I understand the rationale behind the “sneaky” tic. Even now, the word feminism can sound blunt and militant—a cudgel pounding away at the patriarchal temple and your poor temples, when all you want to do is watch some comedy. Writers possessing a keen pragmatism about feminism’s toxic overtones—or, of course, a shaky sense of what the word means—may wish to praise a show or film or book for political forwardness while reassuring consumers they’re not in for a lecture.

More cynically, though, the bonfire of the straw feminists tends to cast a pretty flattering light on those who accrue prestige by imposing artificial limits on the movement and then breaking them. Calling something “sneakily feminist”—the phrase is almost always complimentary—announces that you, unlike equally right-thinking but less reasonable individuals, are chill. You understand what it takes to be likable, appealing. Not least, when you “discover” a show’s “hidden” feminism, you seem smart and creative.
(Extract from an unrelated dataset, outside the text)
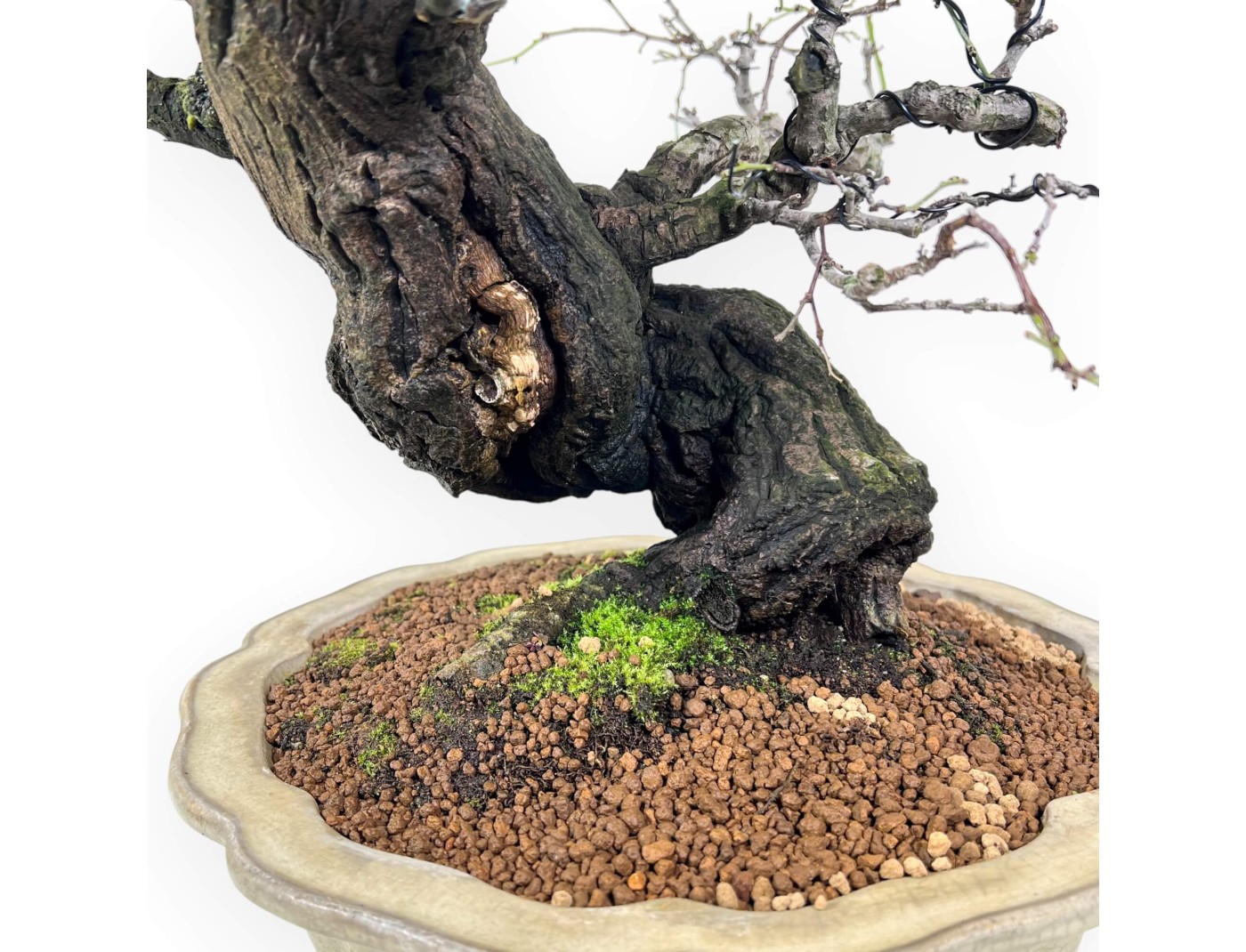 Unique specimen Celastrus bonsai characterized by its height without pot of 47 cm, a trunk size of 7 cm and nebari of 17 cm. The plant is grown in a lotus flower shape pot in glazed stoneware whose dimensions are Ø32xH10 cm.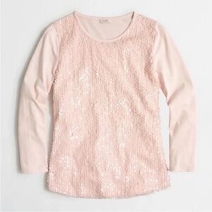 Elevate your wardrobe with this chic J. Crew tee, featuring a stunning pink hue and eye-catching sequin embellishments.

That’s useful for a writer in search of a sparkly frock in which to wrap her dismal observation that some new thing in the culture miraculously doesn’t hate women, yay.

Anyway, there’s a nefarious, Mobius strip quality to “sneaky feminism” as a piece of rhetoric. If the point of using it is to satisfy readers that the product in question is ideologically sound, but also chill (Lean in! Not too far!), then this ostensible attempt to make feminism palatable is rather anti-feminist, if sneakily so. That’s because one of feminism’s foundational goals has always been to release women from their disproportionate obligation to show tact, delicacy, and sweetness—to say their piece without being aggressive or annoying about it. Yet we’re asking feminism itself to shimmy through a window and creep down a corridor dancing between laser beams before whispering its claims in the cultural ear.

The word sneak, from the Middle English sniken—to creep or crawl—actually shares DNA with the German root for snake. To me, it calls back the Garden of Eden, and the serpent whose sinuous motion, at least in Milton, finds echoes in the enchanting, dangerous waves of Eve’s hair. The idea of feminine disassembly, in other words, has been helping misogynists make their case against women for hundreds of years. Why not prove those scolds wrong by praising a new crop of proudly and overtly feminist stories for what they are—proud and overt?

I was well into my 20s before I realized that Brussels sprouts were delicious. If my parents were able to persuade me to eat them as a child by disguising them in kid-friendly sauces, great. But the moment I recognized the excellence of Brussels sprouts represented a twofold cause for celebration. Not only was I set up for a lifetime of consuming a nutritious vegetable, but I suddenly had the discernment to enjoy said vegetable. I would both do good and want to do good, like St. Paul dreamed of (but couldn’t pull off) in Romans. Just so with feminism. Mainstream culture has finally figured out that feminism is delicious, and we should rejoice rather than squint doubtfully into the glorious, gender-equal sunrise. Feminists have no further need of Trojan horses. We just need a Netflix subscription and a party hat.